The students across both divisions appreciate the opportunity to interact with each other. “I enjoy building community at AJA,” Yered Wittenberg explained. “The little kids love hanging with me, and I enjoy seeing them,” — a sentiment reiterated by both Sam and Danit Kutner. Jordan Steinberg said that a highlight of Junior Jags is that the younger kids “get to become friends with older students like me and the other coaches.” Furthermore, he explained, “I remember, when I was that age, all I wanted to do was play sports, so to give the younger kids an opportunity to play a variety of sports with each other was a meaningful idea to me.”

Despite the bonds Junior Jags creates between the students, logistically, this current system has room for improvement. The High School day ends 35 minutes after Lower School dismissal, so the High Schoolers can only arrive to start coaching when Junior Jags is practically halfway through. Until then, Coach Z runs the programming himself. Occasionally, if sports games overlap with Junior Jags, the High Schoolers cannot come at all. With this system, Coach Z feels there is “no stability, and that’s not fair to the first through fourth graders.” 

The Junior Jags program uses sports to help solidify the connection between students across the entire school.

In addition, Coach Z worries that having the High Schoolers come to all 17 Junior Jags sessions can cause them additional and undue stress.

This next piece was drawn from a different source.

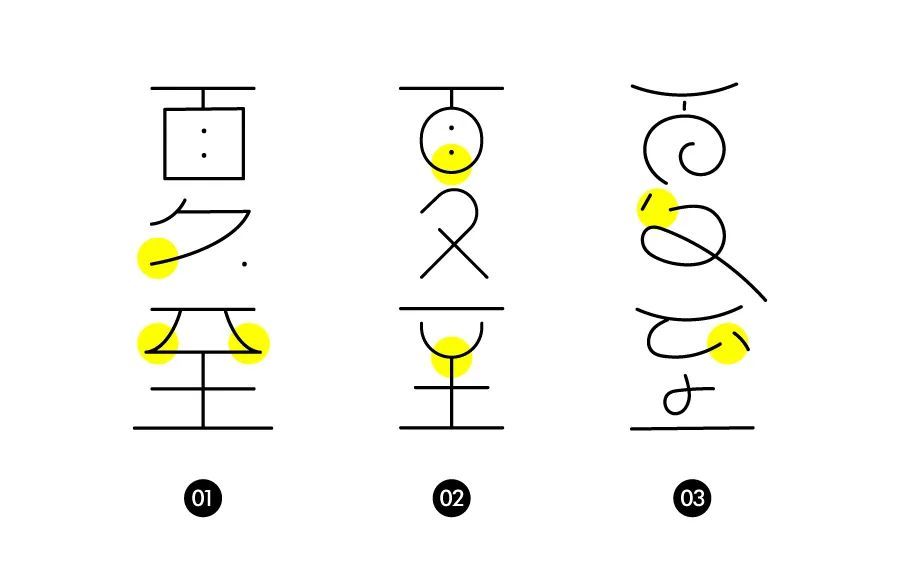 在今天的几组案例实操字形中,我们设定的规则有三个,一是由字意出发或者发散结合得到灵感;二是由基础点、线、面三者进行结合,具有一定的变化节奏;三是秩序,尽可能让整体字形以对称或者对齐化的方式呈现。(这个规则通常是由第一个字形确认得到,这边为了教程便于理解,所以提前说明)

For example, Mikey Wilson explained, “[Junior Jags] sometimes makes it harder to get work done because I have less free time.” Similarly, while Danit thinks that Junior Jags is “a nice way to end the day,” she does feel that “sometimes, it’s a lot to stay extra after school.” 

In response to the conflicting schedules and stress for High Schoolers, in November, adult coaches are taking over the High Schoolers’ role in Junior Jags. Coach Z hopes that this will “make it more of a well rounded robust situation where it just flows smoothly.” If High Schoolers want to, they can continue to come to Junior Jags and assist the coaches. 

By not expecting them to come to every session, he thinks this will remove any feelings of pressure or obligation. The High Schoolers, feeling that Junior Jags does not depend on them, can comfortably opt in one day after school purely because they want to join. Coach Z thinks, as an added benefit, that this will result in more engagement and focus from the High Schoolers.

However, Coach Z noted, for the High Schoolers “there won’t be any mentoring piece there,” and this does represent one reason they choose to join Junior Jags. For instance, Mikey said that a “positive part” of Junior Jags is that it provides him with “more experience communicating with and leading younger kids.” 

Yet Coach Z knows that “the school is always focused on ways where the High Schoolers can integrate themselves and mentor younger students,” so they will have other opportunities to lead the younger students. These interactions may not occur in sports, but he is confident that they will still happen.